Input >>

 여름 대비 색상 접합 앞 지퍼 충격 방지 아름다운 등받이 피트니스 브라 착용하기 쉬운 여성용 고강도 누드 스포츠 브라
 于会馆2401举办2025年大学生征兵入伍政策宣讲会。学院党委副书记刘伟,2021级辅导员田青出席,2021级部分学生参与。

--

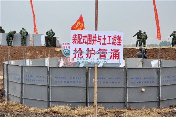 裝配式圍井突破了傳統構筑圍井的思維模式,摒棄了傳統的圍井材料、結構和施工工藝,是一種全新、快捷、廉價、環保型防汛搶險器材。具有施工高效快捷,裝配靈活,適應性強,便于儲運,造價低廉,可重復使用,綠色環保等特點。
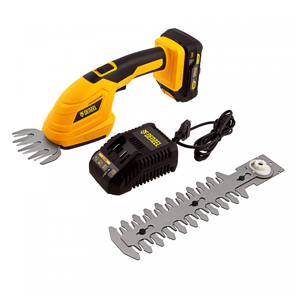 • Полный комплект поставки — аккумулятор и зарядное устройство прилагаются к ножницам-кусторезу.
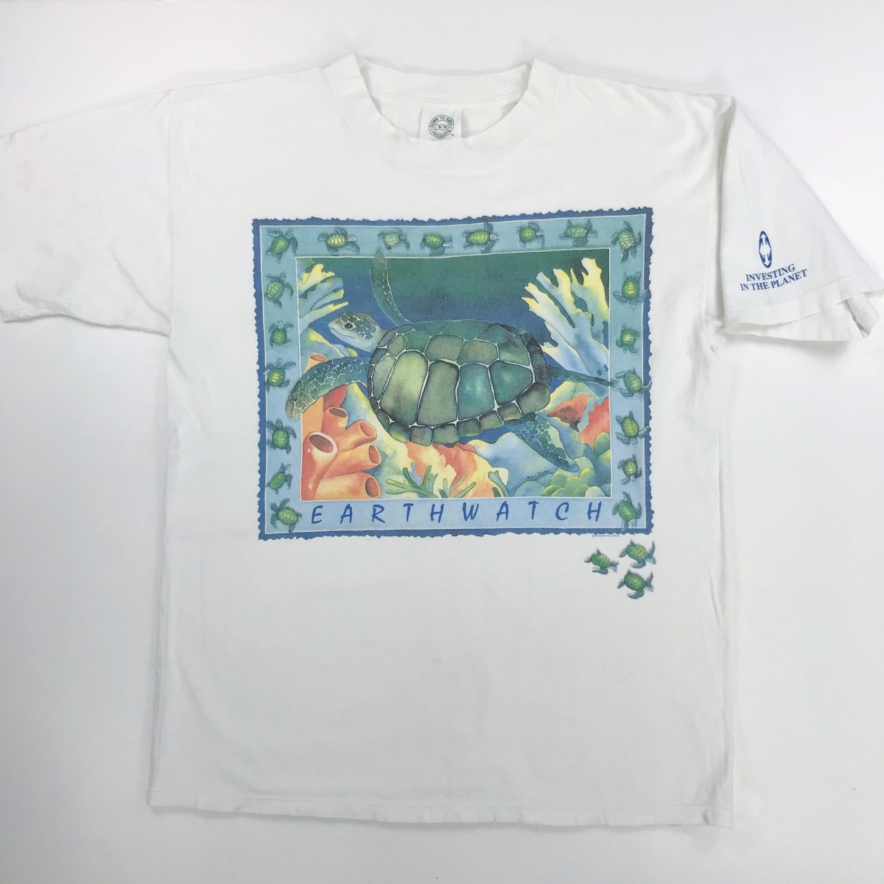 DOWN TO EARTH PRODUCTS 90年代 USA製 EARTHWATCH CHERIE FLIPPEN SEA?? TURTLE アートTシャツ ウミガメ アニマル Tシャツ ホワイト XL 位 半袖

==

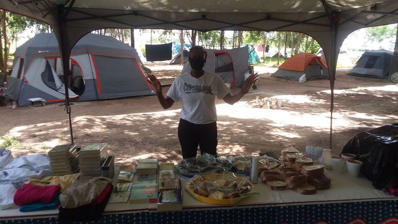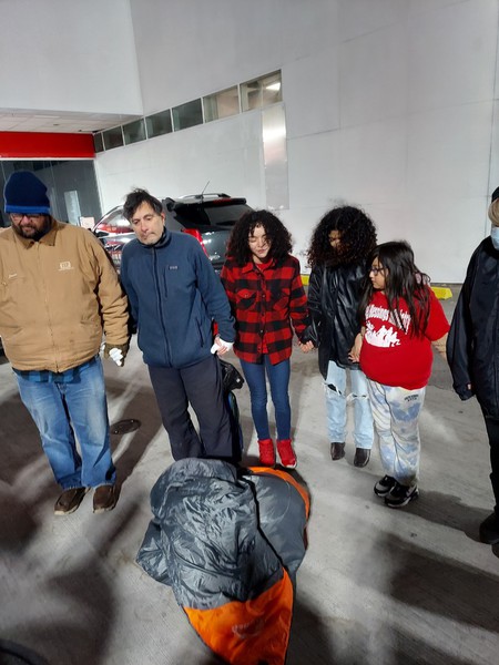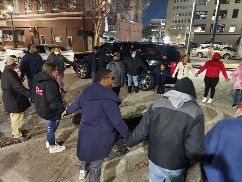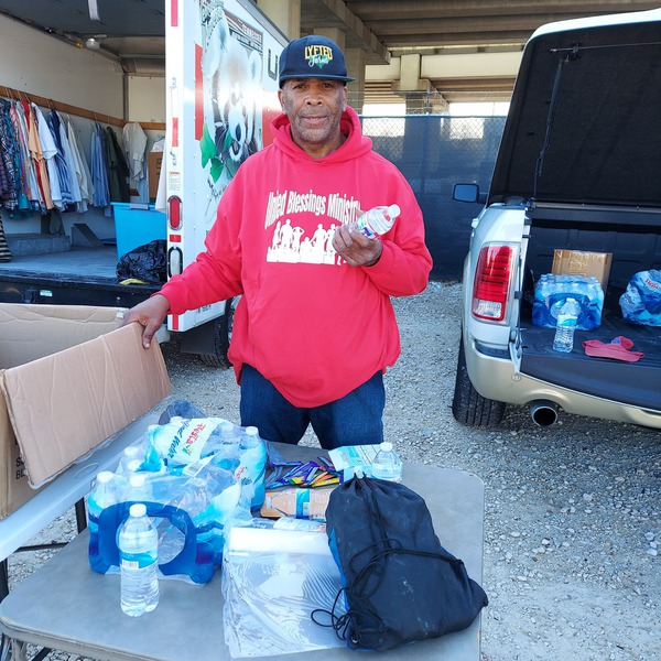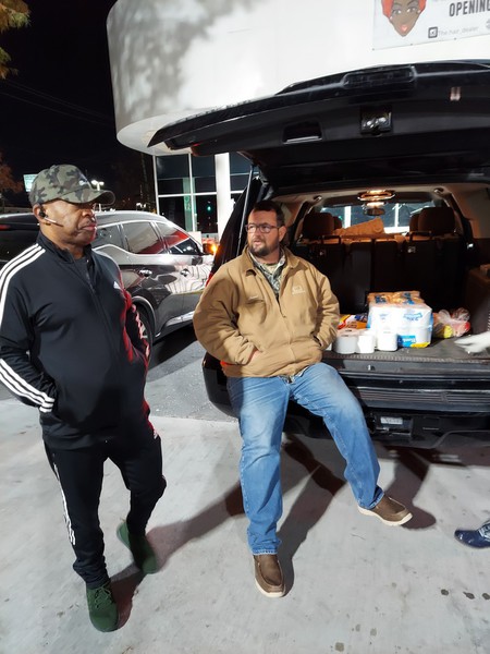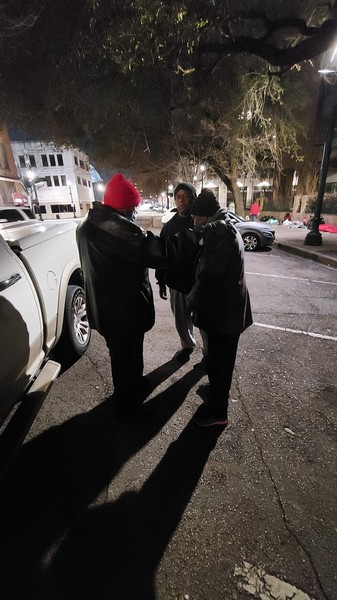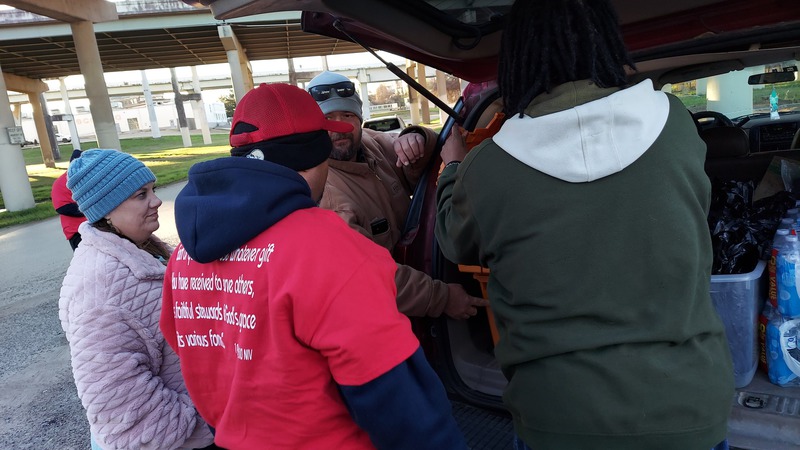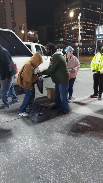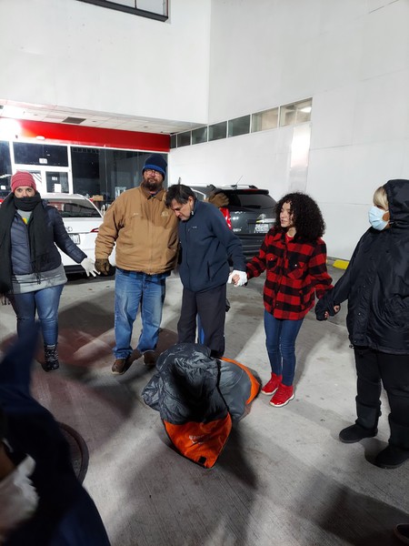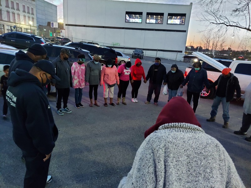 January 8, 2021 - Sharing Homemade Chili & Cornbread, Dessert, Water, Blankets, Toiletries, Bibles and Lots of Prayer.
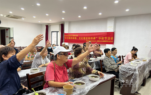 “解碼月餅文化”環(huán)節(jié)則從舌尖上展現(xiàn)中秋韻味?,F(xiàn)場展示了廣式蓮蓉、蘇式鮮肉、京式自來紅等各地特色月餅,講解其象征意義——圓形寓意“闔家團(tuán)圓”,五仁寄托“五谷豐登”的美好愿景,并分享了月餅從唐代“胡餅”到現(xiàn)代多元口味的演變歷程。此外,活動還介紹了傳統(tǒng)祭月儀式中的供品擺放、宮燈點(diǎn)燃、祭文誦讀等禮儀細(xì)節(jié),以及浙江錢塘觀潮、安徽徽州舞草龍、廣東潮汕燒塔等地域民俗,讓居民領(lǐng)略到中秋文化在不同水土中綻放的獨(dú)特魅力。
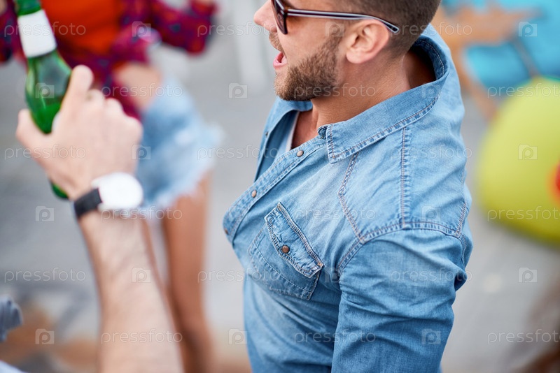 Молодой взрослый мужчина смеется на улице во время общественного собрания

Work to be completed >>
Every line above from the line with "여름 대비 색상 접합" to the line with "于会馆2401举办2025年" is wanted, ends included; write them out exactly and add no other line.

Output for this task >>
 여름 대비 색상 접합 앞 지퍼 충격 방지 아름다운 등받이 피트니스 브라 착용하기 쉬운 여성용 고강도 누드 스포츠 브라
 于会馆2401举办2025年大学生征兵入伍政策宣讲会。学院党委副书记刘伟,2021级辅导员田青出席,2021级部分学生参与。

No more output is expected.